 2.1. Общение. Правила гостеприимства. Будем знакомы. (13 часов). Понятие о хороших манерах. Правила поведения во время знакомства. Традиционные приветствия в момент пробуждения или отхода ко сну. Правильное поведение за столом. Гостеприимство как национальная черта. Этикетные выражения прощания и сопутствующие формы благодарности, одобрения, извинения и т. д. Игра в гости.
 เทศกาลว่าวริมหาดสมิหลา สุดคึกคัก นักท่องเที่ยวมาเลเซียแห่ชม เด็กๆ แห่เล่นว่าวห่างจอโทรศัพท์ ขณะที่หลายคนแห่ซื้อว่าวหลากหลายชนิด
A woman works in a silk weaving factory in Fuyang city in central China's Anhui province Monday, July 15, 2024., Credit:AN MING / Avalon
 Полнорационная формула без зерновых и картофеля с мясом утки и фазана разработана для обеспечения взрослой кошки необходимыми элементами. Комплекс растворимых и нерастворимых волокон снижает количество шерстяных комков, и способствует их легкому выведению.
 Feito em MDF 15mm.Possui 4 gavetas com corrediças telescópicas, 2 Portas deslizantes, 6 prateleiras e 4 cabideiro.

...

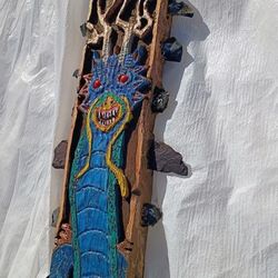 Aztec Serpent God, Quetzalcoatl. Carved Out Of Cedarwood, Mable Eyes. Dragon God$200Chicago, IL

About this exercise:
Of the entries above, transcribe exactly those lines that fall between the line containing "2.1. Общение. Правила" and the line containing "Feito em MDF", together with those two lines.

Task response:
 2.1. Общение. Правила гостеприимства. Будем знакомы. (13 часов). Понятие о хороших манерах. Правила поведения во время знакомства. Традиционные приветствия в момент пробуждения или отхода ко сну. Правильное поведение за столом. Гостеприимство как национальная черта. Этикетные выражения прощания и сопутствующие формы благодарности, одобрения, извинения и т. д. Игра в гости.
 เทศกาลว่าวริมหาดสมิหลา สุดคึกคัก นักท่องเที่ยวมาเลเซียแห่ชม เด็กๆ แห่เล่นว่าวห่างจอโทรศัพท์ ขณะที่หลายคนแห่ซื้อว่าวหลากหลายชนิด
A woman works in a silk weaving factory in Fuyang city in central China's Anhui province Monday, July 15, 2024., Credit:AN MING / Avalon
 Полнорационная формула без зерновых и картофеля с мясом утки и фазана разработана для обеспечения взрослой кошки необходимыми элементами. Комплекс растворимых и нерастворимых волокон снижает количество шерстяных комков, и способствует их легкому выведению.
 Feito em MDF 15mm.Possui 4 gavetas com corrediças telescópicas, 2 Portas deslizantes, 6 prateleiras e 4 cabideiro.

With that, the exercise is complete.